Task to complete:
When you transcribe the entries below, keep the wording exact and omit the pictures.

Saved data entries
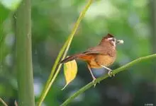 白颊噪鹛是雀形目噪鹛科噪鹛属鸟类,又称土画眉、小画眉、小噪鹃。成鸟额至头顶栗褐色,长眉纹、眼先和颊纹棕白色,眼后至耳羽深褐色,…全部>>
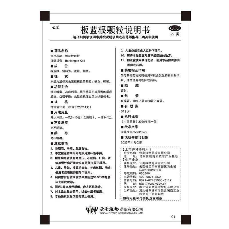 📚 【云植】板蓝根颗粒 10g*20袋/大袋
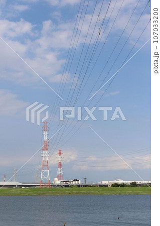 千葉県市川市妙典の送電鉄塔と江戸川放水路
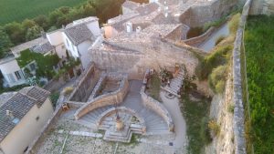 Vue de la scène théâtrale située dans la cour d’honneur et vue plongeante vers l’abbatiale Saint-Sauveur, en partie détruite lors des guerres de Religion et comprenant les tombeaux de Madame de Sévigné ainsi que celui des Adhémar, situés dans la crypte du chœur (Crédits photos: Alexandre Plateaux).
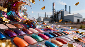 一张高质量化妆品系列海报,保持超写实3D渲染风格,纯色白色背景,柔和顶部光源产生细腻高光与渐变阴影,6个完全不同的化妆品元素规整排布成2行3列。每个元素都具有金属与塑料的细腻质感,高光泽度表面,精确的形态结构和清晰的材质区分:左上角为金色瓶盖的红色指甲油,右上角是带银色喷头的透明香水瓶,中间左侧为黑色外壳的粉饼盒,中间右侧是带刷头的棕色睫毛膏,左下角为金色边框的四色眼影盘,右下角是透明瓶身的玫瑰金色唇彩,整体视觉层级清晰,布局均衡,传达高端美妆产品的精致与奢华感。
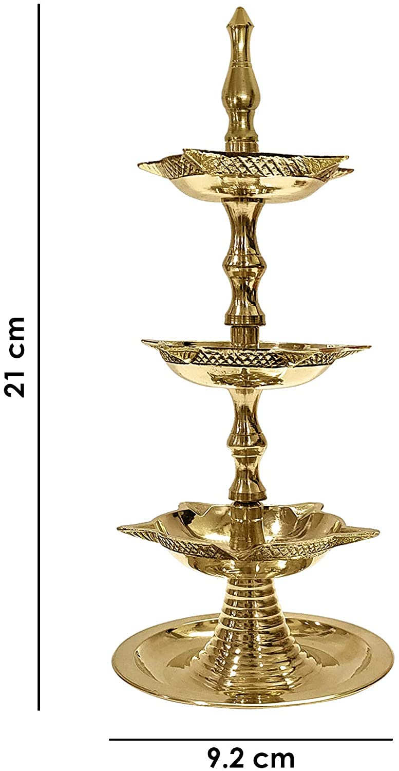 SATVIK 2Pc Standing Brass Kerala Samai Diwali Deepak for Puja Traditional Panchmahal Pooja Deepam Diya Oil Lamp Kutthu Vilakku D

Written response:
 白颊噪鹛是雀形目噪鹛科噪鹛属鸟类,又称土画眉、小画眉、小噪鹃。成鸟额至头顶栗褐色,长眉纹、眼先和颊纹棕白色,眼后至耳羽深褐色,…全部>>
 📚 【云植】板蓝根颗粒 10g*20袋/大袋
 千葉県市川市妙典の送電鉄塔と江戸川放水路
 Vue de la scène théâtrale située dans la cour d’honneur et vue plongeante vers l’abbatiale Saint-Sauveur, en partie détruite lors des guerres de Religion et comprenant les tombeaux de Madame de Sévigné ainsi que celui des Adhémar, situés dans la crypte du chœur (Crédits photos: Alexandre Plateaux).
 一张高质量化妆品系列海报,保持超写实3D渲染风格,纯色白色背景,柔和顶部光源产生细腻高光与渐变阴影,6个完全不同的化妆品元素规整排布成2行3列。每个元素都具有金属与塑料的细腻质感,高光泽度表面,精确的形态结构和清晰的材质区分:左上角为金色瓶盖的红色指甲油,右上角是带银色喷头的透明香水瓶,中间左侧为黑色外壳的粉饼盒,中间右侧是带刷头的棕色睫毛膏,左下角为金色边框的四色眼影盘,右下角是透明瓶身的玫瑰金色唇彩,整体视觉层级清晰,布局均衡,传达高端美妆产品的精致与奢华感。
 SATVIK 2Pc Standing Brass Kerala Samai Diwali Deepak for Puja Traditional Panchmahal Pooja Deepam Diya Oil Lamp Kutthu Vilakku D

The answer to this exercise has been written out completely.